#### SUPPLIED RECORDS
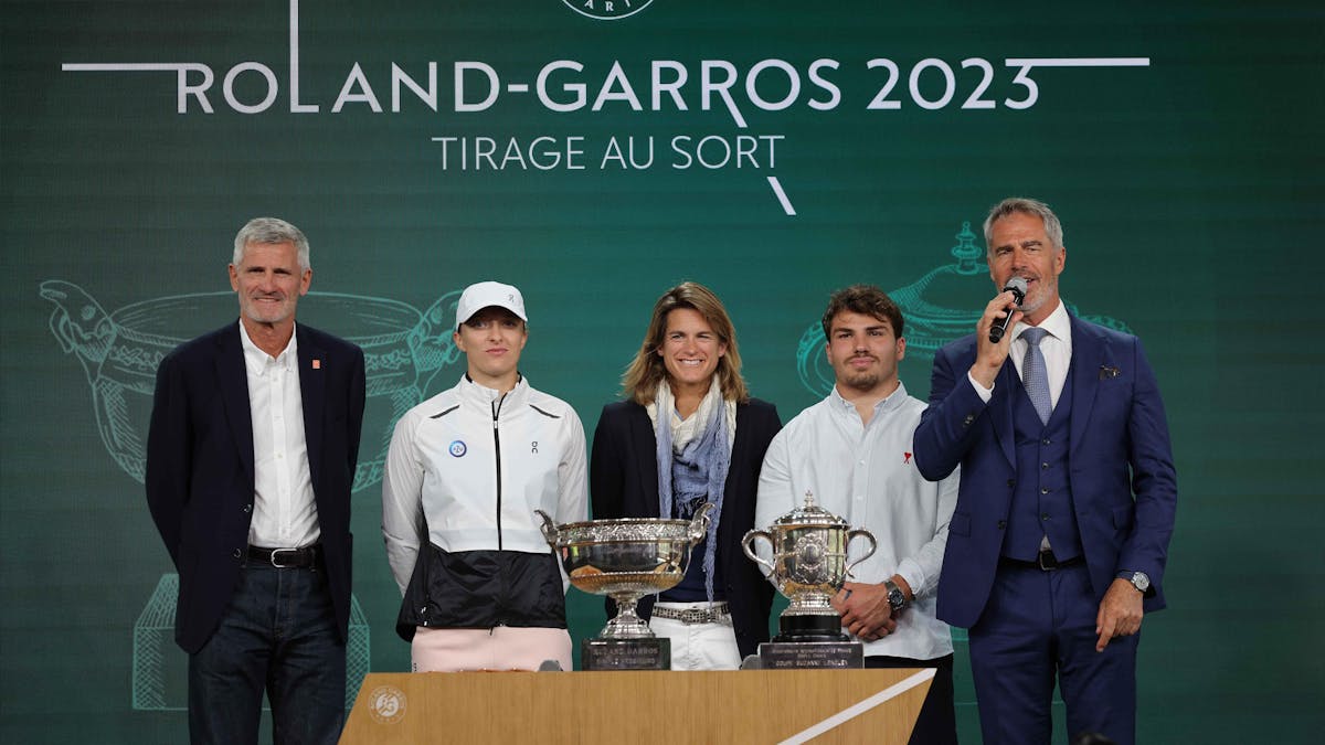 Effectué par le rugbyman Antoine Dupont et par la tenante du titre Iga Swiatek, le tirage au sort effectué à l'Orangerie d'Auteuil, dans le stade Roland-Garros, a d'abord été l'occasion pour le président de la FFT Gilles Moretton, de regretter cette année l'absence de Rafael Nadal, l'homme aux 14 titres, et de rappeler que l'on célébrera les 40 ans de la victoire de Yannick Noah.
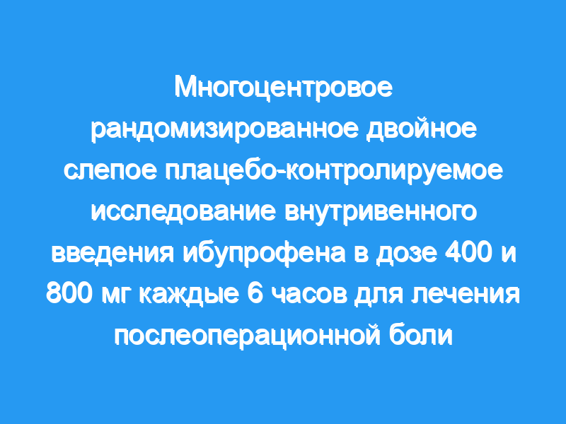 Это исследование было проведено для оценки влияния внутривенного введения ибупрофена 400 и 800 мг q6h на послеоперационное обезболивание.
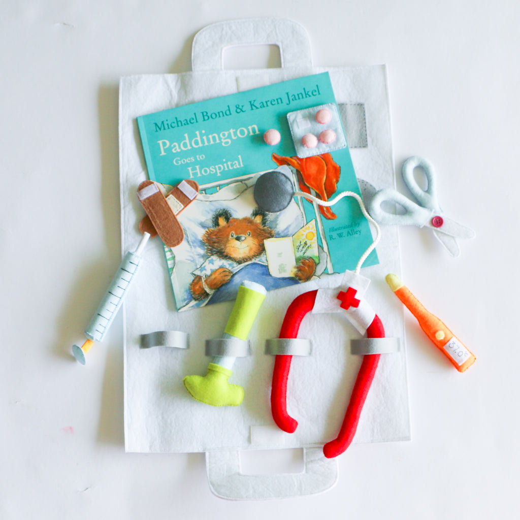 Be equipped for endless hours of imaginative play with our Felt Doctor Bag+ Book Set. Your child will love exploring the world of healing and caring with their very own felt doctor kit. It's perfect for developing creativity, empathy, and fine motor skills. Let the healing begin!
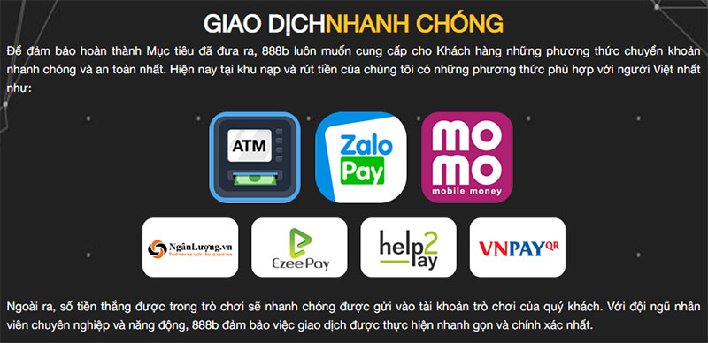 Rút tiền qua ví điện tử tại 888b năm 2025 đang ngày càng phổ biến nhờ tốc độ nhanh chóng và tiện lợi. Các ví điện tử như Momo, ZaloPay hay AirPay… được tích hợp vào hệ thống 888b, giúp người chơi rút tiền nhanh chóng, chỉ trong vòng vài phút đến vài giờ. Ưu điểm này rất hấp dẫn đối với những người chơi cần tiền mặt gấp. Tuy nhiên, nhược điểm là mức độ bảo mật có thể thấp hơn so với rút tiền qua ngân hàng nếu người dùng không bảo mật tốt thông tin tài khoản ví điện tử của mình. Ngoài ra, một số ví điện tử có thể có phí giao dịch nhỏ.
--
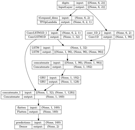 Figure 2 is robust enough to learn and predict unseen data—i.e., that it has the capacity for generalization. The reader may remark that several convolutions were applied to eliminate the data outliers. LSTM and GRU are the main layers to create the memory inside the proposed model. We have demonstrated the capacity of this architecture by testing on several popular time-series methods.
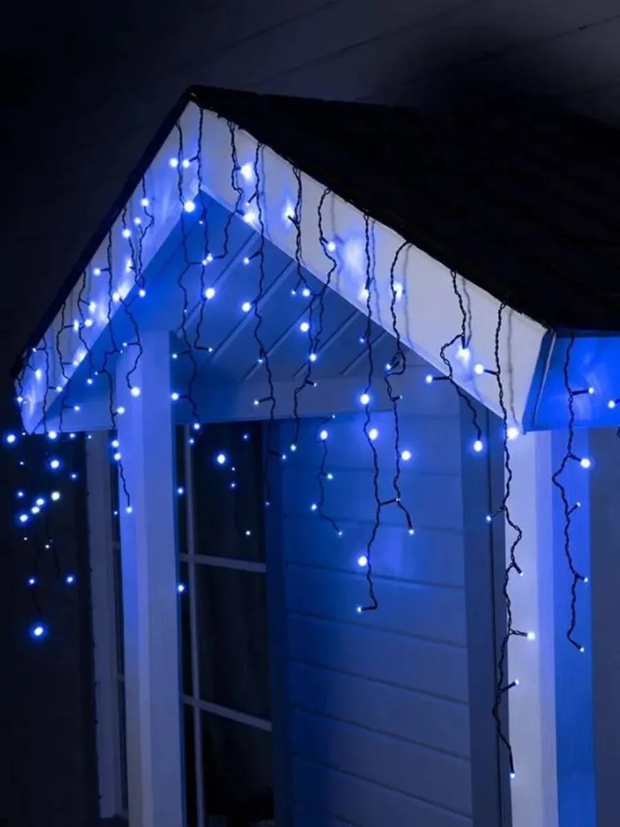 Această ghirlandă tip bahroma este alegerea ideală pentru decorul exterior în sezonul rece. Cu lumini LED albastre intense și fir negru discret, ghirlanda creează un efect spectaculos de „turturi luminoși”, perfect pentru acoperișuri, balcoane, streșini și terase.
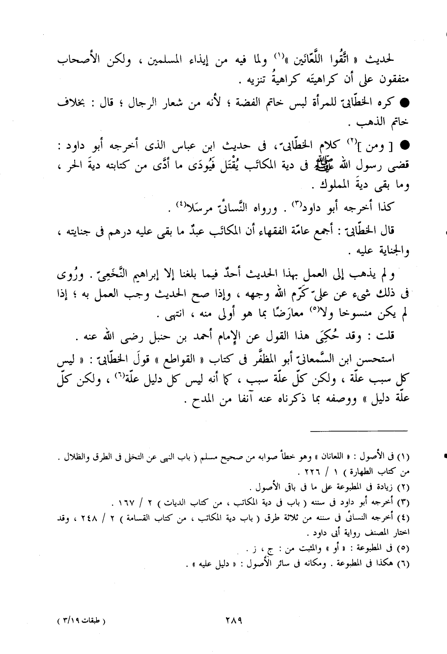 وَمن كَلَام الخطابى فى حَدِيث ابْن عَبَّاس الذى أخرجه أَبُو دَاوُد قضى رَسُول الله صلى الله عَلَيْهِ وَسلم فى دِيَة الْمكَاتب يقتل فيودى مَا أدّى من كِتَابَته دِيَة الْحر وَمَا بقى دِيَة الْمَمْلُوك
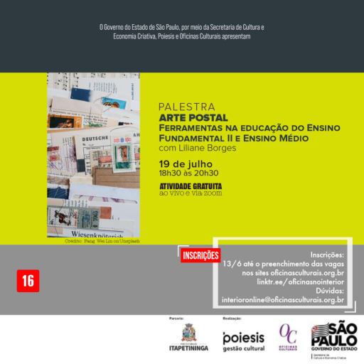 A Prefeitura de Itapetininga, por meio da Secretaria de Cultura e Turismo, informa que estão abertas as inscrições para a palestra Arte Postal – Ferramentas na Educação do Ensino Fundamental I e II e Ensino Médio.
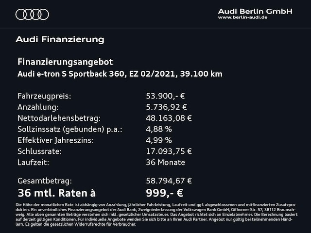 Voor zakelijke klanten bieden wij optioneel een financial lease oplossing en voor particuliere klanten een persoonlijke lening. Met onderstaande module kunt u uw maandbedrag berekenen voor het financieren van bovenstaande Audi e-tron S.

#### TASK DETAILS
Between and including the line above that contains "وَمن كَلَام الخطابى" and the line that contains "Voor zakelijke klanten", restate every line word for word. Pictures stay out.

#### TASK OUTPUT
 وَمن كَلَام الخطابى فى حَدِيث ابْن عَبَّاس الذى أخرجه أَبُو دَاوُد قضى رَسُول الله صلى الله عَلَيْهِ وَسلم فى دِيَة الْمكَاتب يقتل فيودى مَا أدّى من كِتَابَته دِيَة الْحر وَمَا بقى دِيَة الْمَمْلُوك
 A Prefeitura de Itapetininga, por meio da Secretaria de Cultura e Turismo, informa que estão abertas as inscrições para a palestra Arte Postal – Ferramentas na Educação do Ensino Fundamental I e II e Ensino Médio.
 Voor zakelijke klanten bieden wij optioneel een financial lease oplossing en voor particuliere klanten een persoonlijke lening. Met onderstaande module kunt u uw maandbedrag berekenen voor het financieren van bovenstaande Audi e-tron S.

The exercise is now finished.